- Listed entries
___

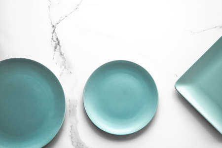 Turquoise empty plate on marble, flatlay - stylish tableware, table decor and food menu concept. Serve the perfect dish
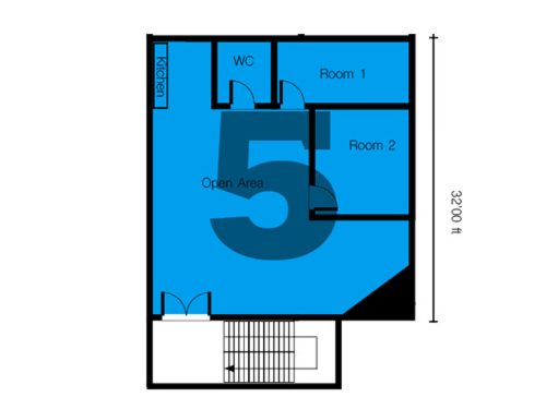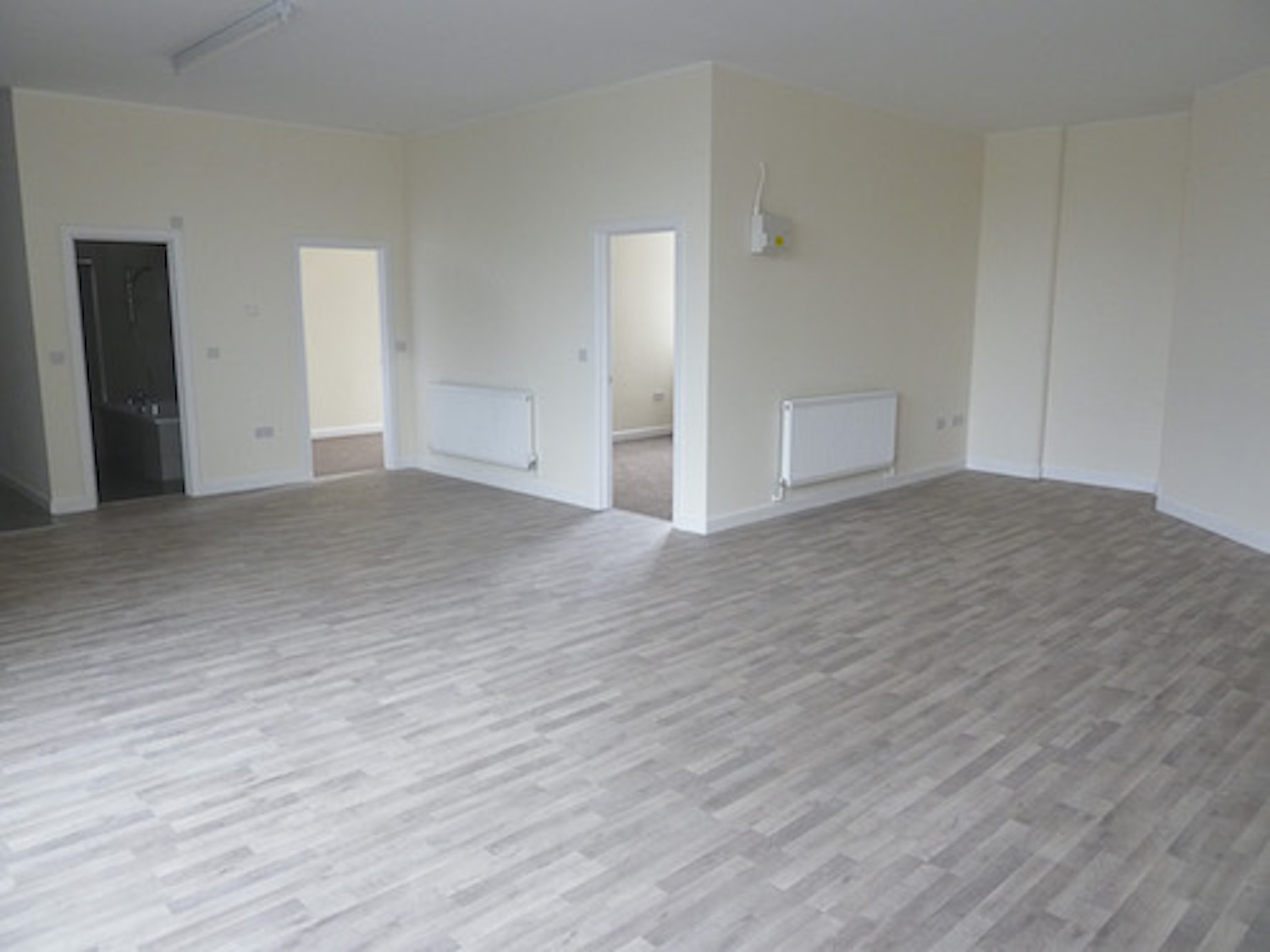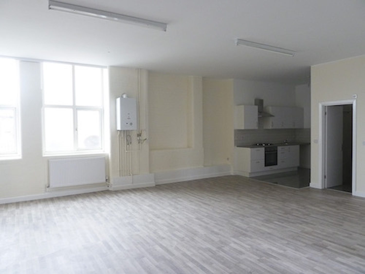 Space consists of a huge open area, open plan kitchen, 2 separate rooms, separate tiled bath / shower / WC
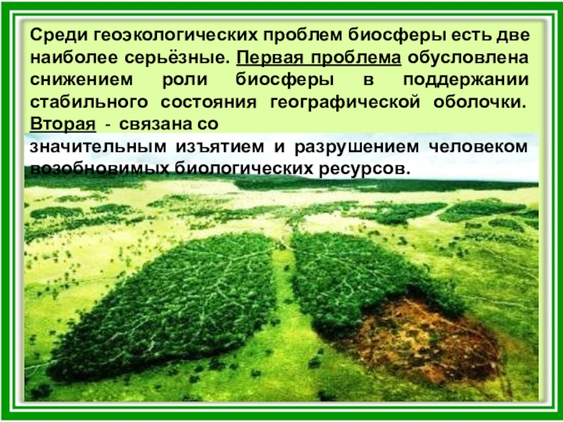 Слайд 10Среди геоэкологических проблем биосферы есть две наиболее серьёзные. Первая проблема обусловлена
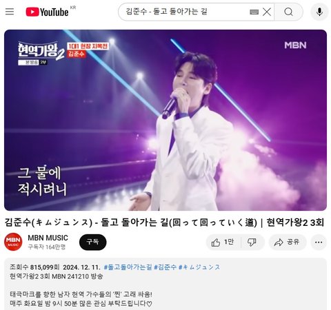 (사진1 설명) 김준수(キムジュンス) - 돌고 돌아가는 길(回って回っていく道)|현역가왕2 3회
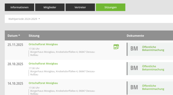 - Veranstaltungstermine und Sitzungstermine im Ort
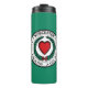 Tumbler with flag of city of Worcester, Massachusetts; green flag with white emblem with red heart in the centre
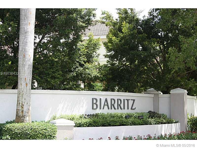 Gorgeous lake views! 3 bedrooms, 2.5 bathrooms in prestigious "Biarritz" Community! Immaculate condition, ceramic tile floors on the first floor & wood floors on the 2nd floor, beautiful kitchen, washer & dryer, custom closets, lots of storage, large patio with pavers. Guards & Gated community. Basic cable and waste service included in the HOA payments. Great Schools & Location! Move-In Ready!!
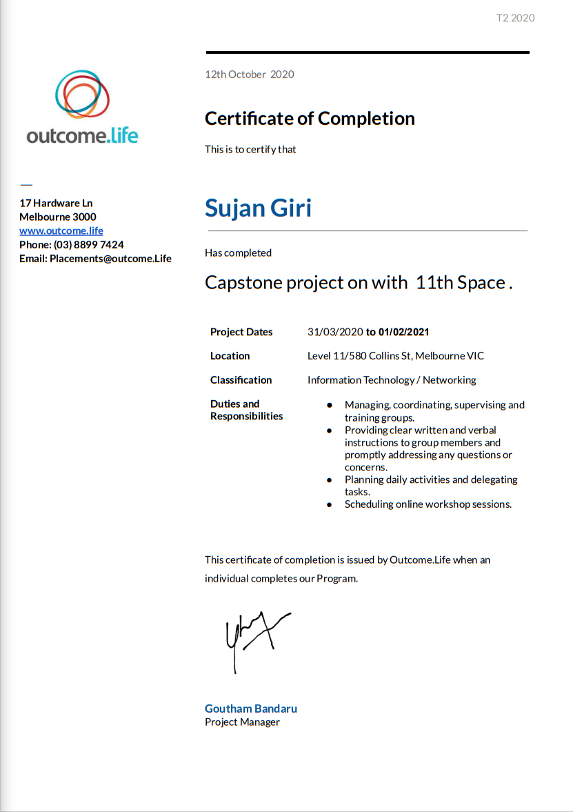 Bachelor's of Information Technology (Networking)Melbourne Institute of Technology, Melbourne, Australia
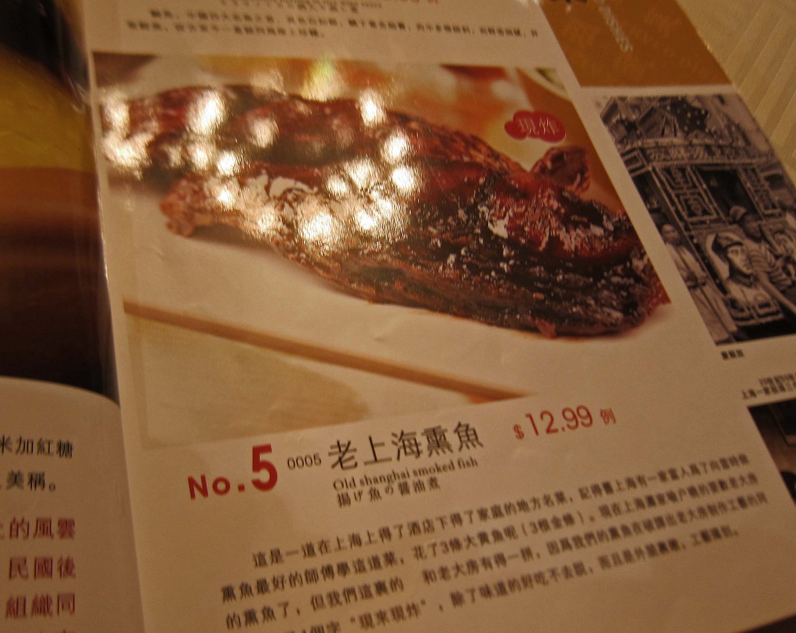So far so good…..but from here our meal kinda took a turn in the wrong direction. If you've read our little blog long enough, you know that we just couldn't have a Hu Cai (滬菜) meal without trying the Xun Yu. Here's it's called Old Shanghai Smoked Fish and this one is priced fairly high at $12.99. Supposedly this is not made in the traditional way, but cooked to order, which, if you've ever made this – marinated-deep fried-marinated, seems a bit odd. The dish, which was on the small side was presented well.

___

- What to produce
Please give an exact copy of the lines from the line containing "Tumbler with flag" through the end of the records above, pictures excluded.

- Solution for this task
 Tumbler with flag of city of Worcester, Massachusetts; green flag with white emblem with red heart in the centre
 Gorgeous lake views! 3 bedrooms, 2.5 bathrooms in prestigious "Biarritz" Community! Immaculate condition, ceramic tile floors on the first floor & wood floors on the 2nd floor, beautiful kitchen, washer & dryer, custom closets, lots of storage, large patio with pavers. Guards & Gated community. Basic cable and waste service included in the HOA payments. Great Schools & Location! Move-In Ready!!
 Bachelor's of Information Technology (Networking)Melbourne Institute of Technology, Melbourne, Australia
So far so good…..but from here our meal kinda took a turn in the wrong direction. If you've read our little blog long enough, you know that we just couldn't have a Hu Cai (滬菜) meal without trying the Xun Yu. Here's it's called Old Shanghai Smoked Fish and this one is priced fairly high at $12.99. Supposedly this is not made in the traditional way, but cooked to order, which, if you've ever made this – marinated-deep fried-marinated, seems a bit odd. The dish, which was on the small side was presented well.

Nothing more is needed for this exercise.